In Karl C. Dod’s book on the history of the Corps of Engineers in the war in the Pacific (The United States Army in World War II, the Technical Services, the Corps of Engineers: The War Against Japan, Washington), one of the most comprehensive and authoritative retellings of this crucial aspect of the war in the Pacific, Col. Manzano is cited no less than 14 times for conspicuous valor. In the last paragraph of the last page of the last chapter, “The Fall of the Philippines,” when the Corps of Engineers’ actions had come to an end with the surrender of the American and Filipino forces to the Japanese invaders, and the guerrilla movement had commenced, the last officer mentioned by Dod is Col. Narciso L. Manzano. “With the surrender on 6 May (1942) of the remaining USFIP forces on Corregidor and the Southern Philippine Islands, all organized engineer operations came to an end.... Within a few months, guerrilla warfare began. One of the leaders was Col. Fertig, who left Corregidor by plane on 29 April for Mindanao, where he helped organize the guerrilla forces.... Col. Manzano made his way to Manila and established an intelligence network. Information gathered by his agents was sent to Fertig on Mindanao and from there to Gen. MacArthur’s headquarters in Australia.”

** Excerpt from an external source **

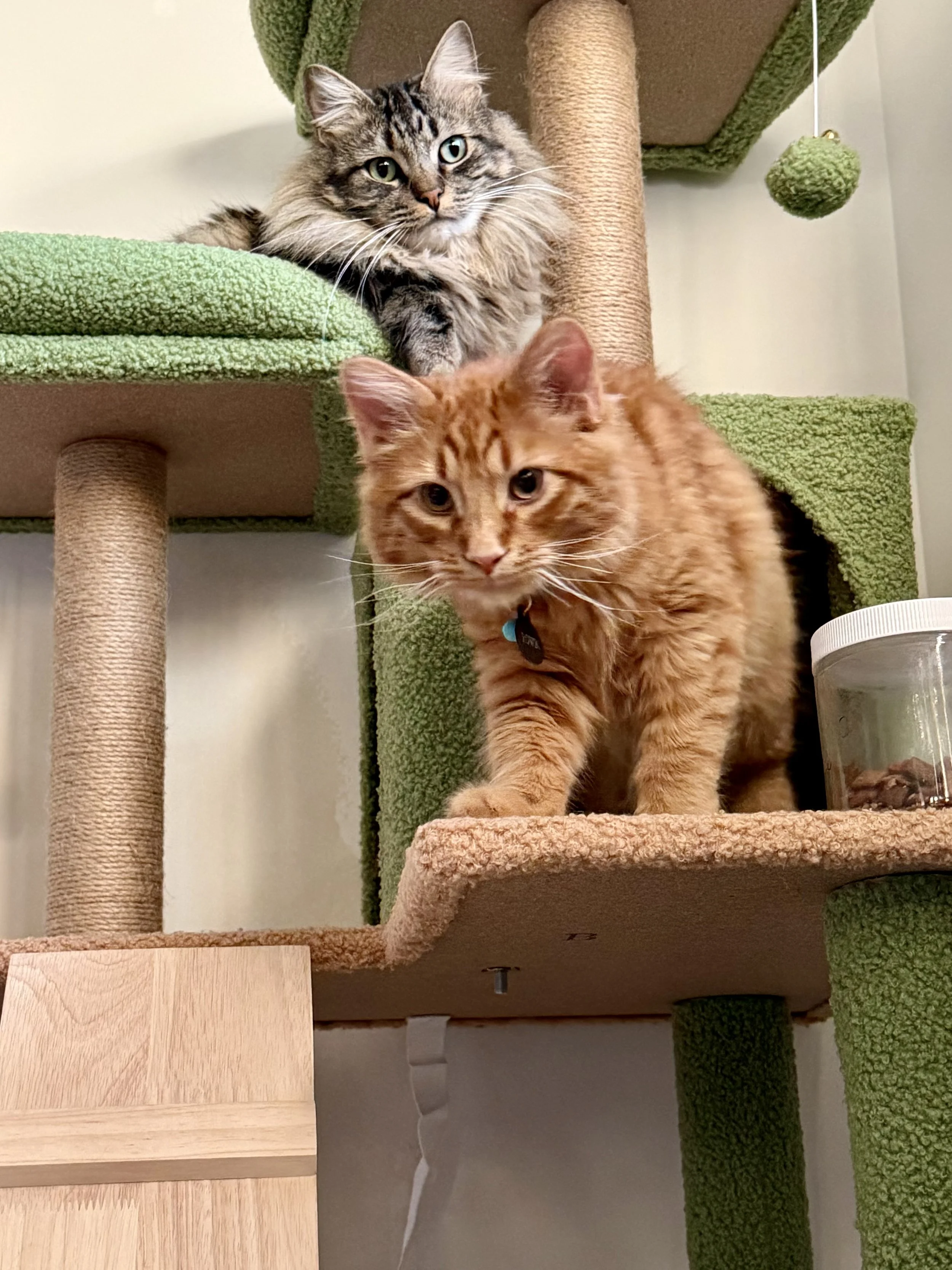 Our family grew even more when we met Mamma Marlee and her son, Rowan (or "Roe Roe"). These two were adopted through the Aurora Animal Shelter in Aurora, Colorado, and their fantastic foster mom, Elin. Marlee is FeLV-positive, but she doesn't let a diagnosis define her. She and Rowan are usually inseparable, at least until Rowan starts acting like a typical son and gets on her last nerve. That is when the cuddling stops, and she has to remind him that she is still the Mamma!
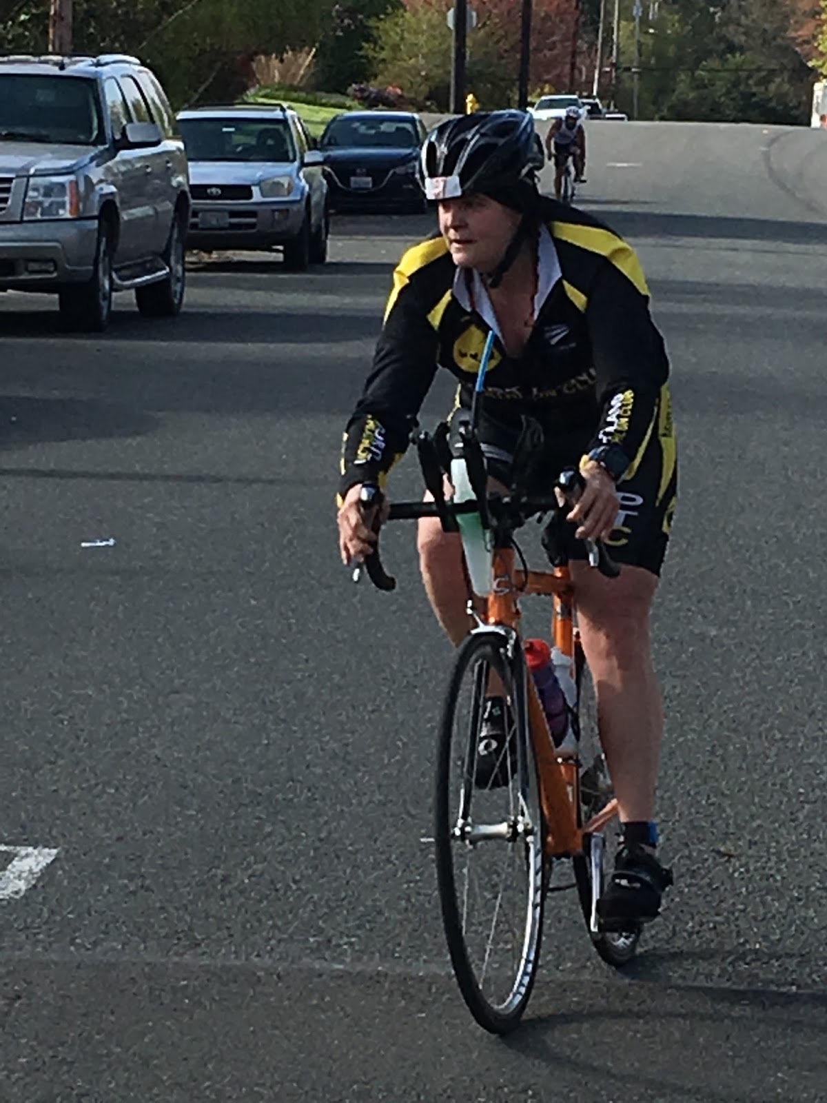 Being an early season tri and 39 degrees at the start, I had a lot of clothing options set up in transition. But, the sun was out and despite choosing loose things that I could try to put over my wet tri kit, I ended up forgoing most of them. I put on my winter cycling jacket, an under-helmet beanie to keep my wet head warm, but couldn’t get my winter cycling gloves or socks on, so I went sockless and gloveless! But in my exasperation in trying, I forgot to put on my racing glasses, but it turned out okay, thankfully (no bugs, no pollen).

At the beginning of the war, as the Japanese forces were advancing faster than the American and Filipino forces could safely retreat, Gen. Wainwright had to rely heavily on his engineers. It was they who had to keep open roads and bridges ahead of the retreating columns—not an easy task in view of the Japanese supremacy in the air. It was the engineers, too, who had to prepare all bridges for demolition and assure their destruction after friendly troops had passed over. Col. Manzano was one of the commanding officers of the engineers involved in all these activities. And it was Manzano, along with his American co-commander, Lt. Col. Skerry, who led their engineers in setting the explosives to blow up the bridge at Calumpit, the last and most vital bridge in Central Luzon.

At a time in dire need of heroes, this historically little-known colonel in the US Army in the Philippines was truly a larger-than-life figure.

“The story of the 14th Corps of Engineer’ work at Calumpit is one of the most dramatic of the Philippines campaign,” notes Dod. When Gen. Wainwright ordered that the bridge had to be destroyed, the Army engineers led by Manzano who were assigned this task were on the wrong side of the bridge, the Japanese side. Manzano requested that Skerry wait to blow it up until he and his men could get across to their side. Skerry assured him he would, but Wainwright had no choice: the bridge had to be blown as the Japanese were advancing too fast in order to save the entire American and Filipino forces. Skerry, despite his concern for Manzano and his men’s safety, had no choice but to destroy the bridge. But somehow Manzano and another of his American officers were able to evade the Japanese on their own, making their way with all their men to Bataan.  

During the Battle of Bataan, then-Lt. Col. Manzano was appointed G-2 (intelligence officer) of Brig. Gen. Simeon de Jesus, Military Intelligence Service (MIS) because of his extensive knowledge of the entire terrain of Bataan and Corregidor. As G-2 Manzano was in charge of organizing and commanding intelligence operations. Although other military organizations on Bataan and Corregidor had their organic intelligence staffs, MIS was MacArthur’s primary intelligence outfit throughout the battles in Bataan. Chris Schaefer of the Philippine Scouts Heritage Society noted that in Bataan, “Manzano fought side by side with his men to the bitter end.”

Manzano was bunkmates with Carlos P. Romulo (future President of the United Nations General Assembly) who eventually was evacuated to Australia along with MacArthur.

Manzano was finally captured along with all the other American and Filipino forces upon their total surrender to the Japanese forces commanded by Gen. Masaharu Homma. It was the single largest defeat of American military forces in the history of the US military. Manzano was captured on April 9, 1942 near Gen. King’s headquarters and was driven—most US Army officers were driven in vehicles and did not have to endure the horrors of the Death Marchalong with Gen. Wainwright’s staff, to Camp O’Donnell, arriving on April 10. He was not released until August 3.

About 60,000 Filipino and 9,000 Americans were housed at Camp O’Donnell. During the few months in 1942 that it was used as a POW camp, about 20,000 Filipinos and 1,500 Americans died there of disease, starvation, neglect, and brutality. As the highest-ranking Filipino officer, Manzano was appointed personnel officer for the Filipino side of the camp. He was in charge of burials, and he risked his life falsifying records to cover up the escapes of large numbers of Filipinos soldiers.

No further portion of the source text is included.